The median rent for a two-bedroom apartment in Kingston hit $1,615 this year – roughly 25% more expensive than three years ago.
The median rent for a two-bedroom apartment in Kingston hit $1,615 this year – roughly 25% more expensive than three years ago. Photograph: Wilfred Chan

It’s 2pm after an overnight shift, and Amanda Treasure is lying in bed unable to sleep. She can’t stop thinking about how most of what she brings home from her full-time job as a caretaker – two $900 checks a month – goes to rent for the two-bedroom apartment with a mold problem she shares with her disabled husband, teenage son and five pets.

Treasure has lived her whole life in Kingston, New York, a quiet city about 90 miles north of Manhattan. She got her first job at 14 delivering papers, and by 16 she was paying for her first car and insurance.

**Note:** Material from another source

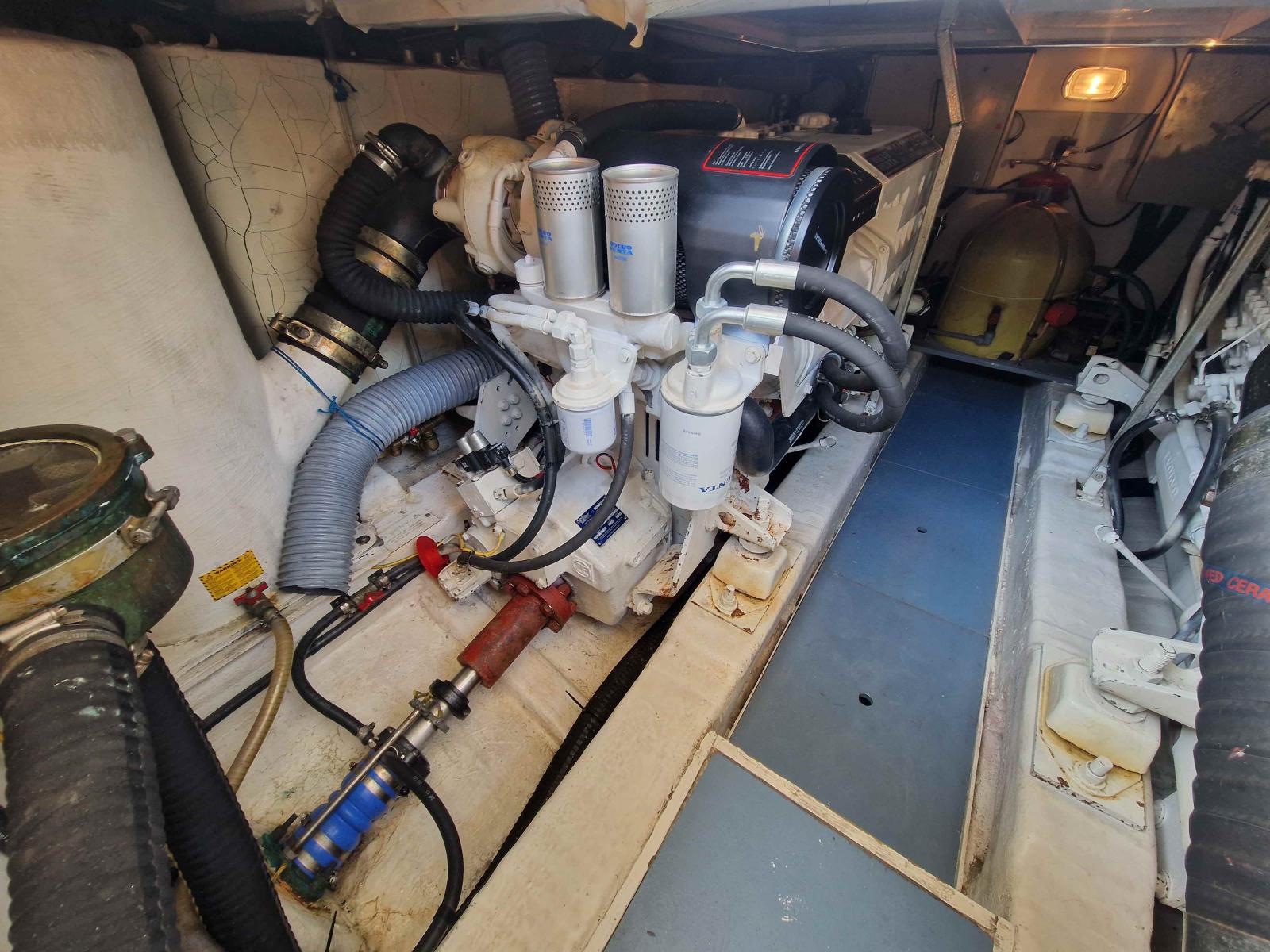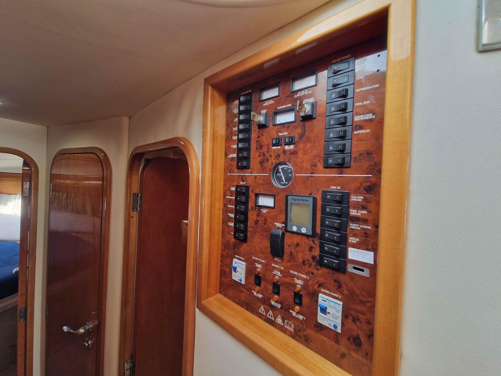 Princess 45 Flybridge occasion de 2000 avec 2x480 cv Volvo et seulement 840 heures. Trés bonne maintenance, batteries de 2023-2024, climatisation réversible, propulseur, groupe, electronique compléte, hydrogommage 2023.

The skating rink and bowling alley Treasure frequented as a teen disappeared soon after the IBM factory that once employed thousands of residents closed in the early 1990s, devastating the town. “Now there’s nothing to do here, and the prices are through the roof,” Treasure says. “And I’m working my butt off, but there’s nothing to show. This world is just not what I expected being 52 years old.”

Half of Kingston’s 24,000 residents are renters, but finding a vacant apartment has become nearly impossible. The median rent for a two-bedroom apartment in Kingston hit $1,615 this year – roughly 25% more expensive than three years ago. That’s devastating in a city where the median per-capita income is just over $32,000, and nearly one-fifth of residents live under the federal poverty line.

treasure poses in kitchen
Amanda Treasure says she’s exhausted from working 60-80 hours a week to pay her rent. Photograph: Wilfred Chan

Mayor Steve Noble says the situation is untenable. “We are a close-knit community, and housing is a right people should have access to. But I can’t have an apartment that cost $1,000 three years ago cost $2,250 today, when I know I haven’t raised taxes in seven years in this city.”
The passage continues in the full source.